#### Task directions
The answer must consist solely of the lines below starting at the one containing "Some of the Reception children" and ending at the one containing "Baltimore Ravens running", repeated exactly, with both ends included and all pictures omitted.
BEGIN
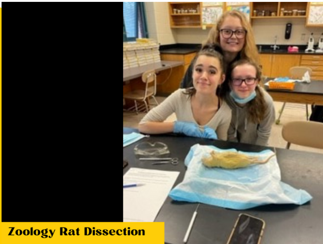
Zoology Rat Dissection
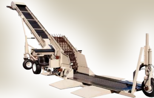
Stockpiling Elevator Self-propelled belly dump elevator for ultra-fast stockpiling
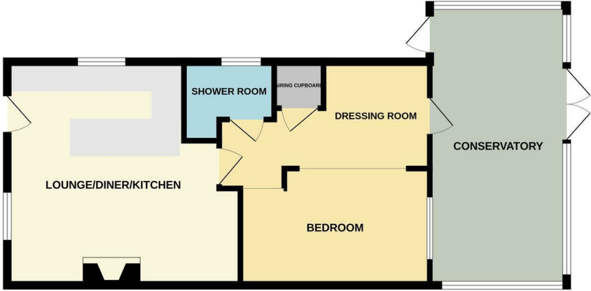
ONE BEDROOM BUNGALOW TOTAL FLOOR AREA : 635 sq.ft. (59.0 sq.m.) approx. Whilst every attempt has been made to ensure the accuracy of the floorplan contained here, measurements of doors, windows, rooms and any other items are approximate and no responsibility is taken for any error, omission or mis-statement. This plan is for illustrative purposes only and should be used as such by any prospective purchaser. The services, systems and appliances shown have not been tested and no guarantee as to their operability or efficiency can be given. Made with Metrepro ©2025.

Littlehampton is a charming seaside town sheltered by the South Downs and providing a range of amenities to suit individuals, couples and families of all ages. The town benefits from two beaches with the popular East Beach providing a long promenade, family fun at Harbour Park, the award winning East Beach café, childrens playground and many other highlights. West Beach offers a quieter experience with the unspoilt grassy sand dunes offering ideal dog walking opportunities as well as watersports for those seeking adventure.
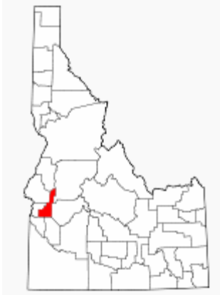
Gem County, Idaho

Several Christian Exodus members realize that due to commitments to extended family or other reasons, they will not be moving to South Carolina.
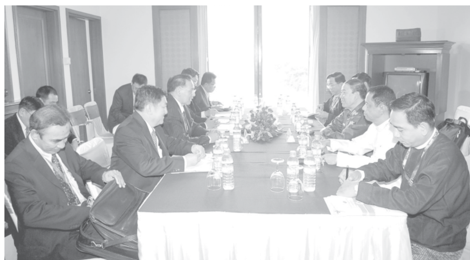
Minister Brig-Gen Lun Thi receives Minister for Energy Mr Wannarat Channukul and party of Thailand.—MNA
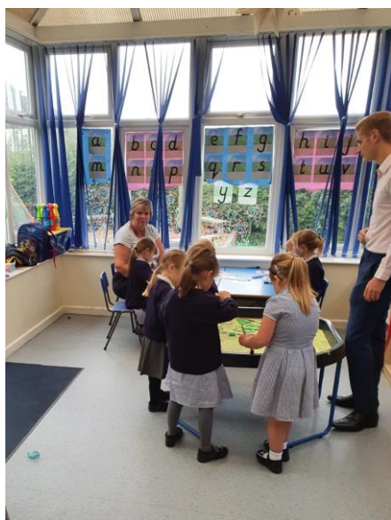
Some of the Reception children
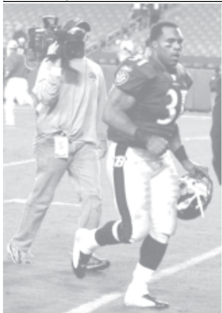
Baltimore Ravens running back Jamal Lewis leaves the field at FedEx Field in Landover, Maryland following the Ravens 17-10 win over the Washington Redskins, on 10 Oct, 2004. The game was Lewis' last before his having to serve a two-game suspension for violating the NFL's substance abuse policy.

But Figueroa, who has put his career back on the rails with Mexico's Cruz Azul after a nightmare spell with English Premier League Birmingham City last year, was on target in the 33rd minute.
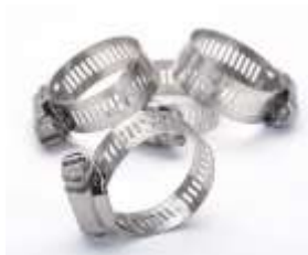
Stainless Steel Hose Clamps (min order qty 50)
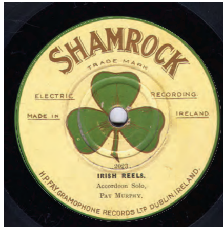
Shamrock record of June 1929 purporting to be of Irish traditional music
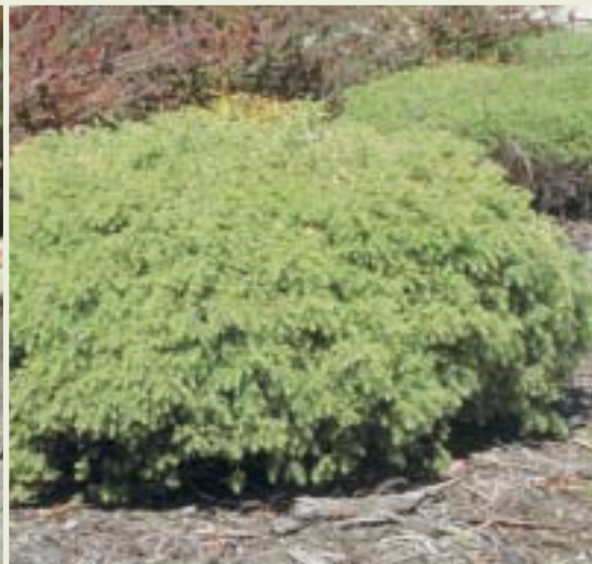
Melaleuca incana (grey honeymyrtle)
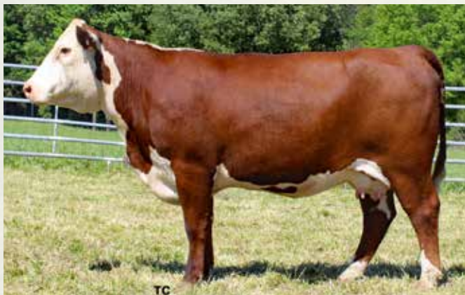
DSB 167X 50S GLORIA 153C - Lot 46
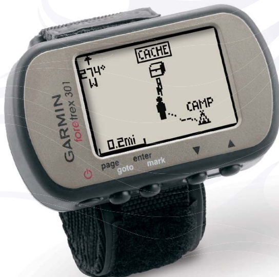
Garmin Foretrex 301
END
#### Response for this exercise
Some of the Reception children
Baltimore Ravens running back Jamal Lewis leaves the field at FedEx Field in Landover, Maryland following the Ravens 17-10 win over the Washington Redskins, on 10 Oct, 2004. The game was Lewis' last before his having to serve a two-game suspension for violating the NFL's substance abuse policy.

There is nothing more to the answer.